- [What is required]:
Exact duplicates of the lines from the top of the data through the line containing "确认迁移后将看到新的IP地址并收到一封邮件" are needed, with every picture left out.

- [Supplied data]:
%%
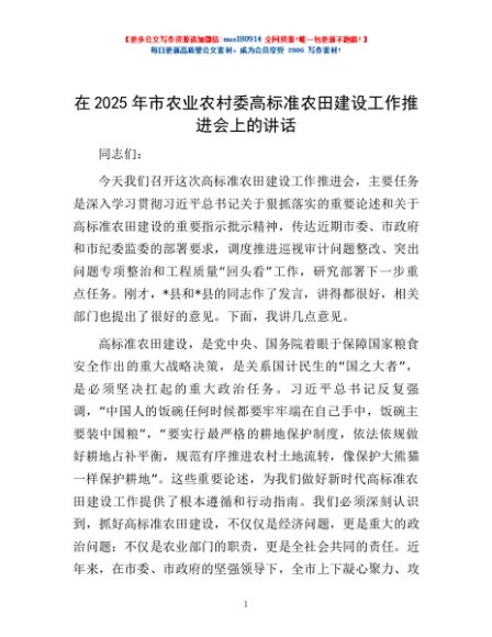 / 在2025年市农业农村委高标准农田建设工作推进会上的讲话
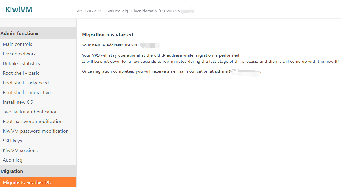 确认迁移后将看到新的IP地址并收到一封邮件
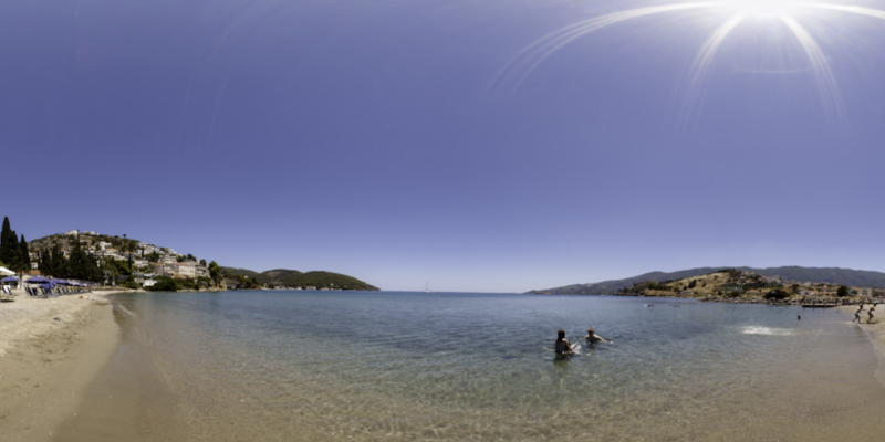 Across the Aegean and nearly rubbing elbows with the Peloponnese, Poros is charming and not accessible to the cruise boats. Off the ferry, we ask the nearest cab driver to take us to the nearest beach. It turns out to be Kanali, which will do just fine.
%%
- [Completed task]:
 / 在2025年市农业农村委高标准农田建设工作推进会上的讲话
 确认迁移后将看到新的IP地址并收到一封邮件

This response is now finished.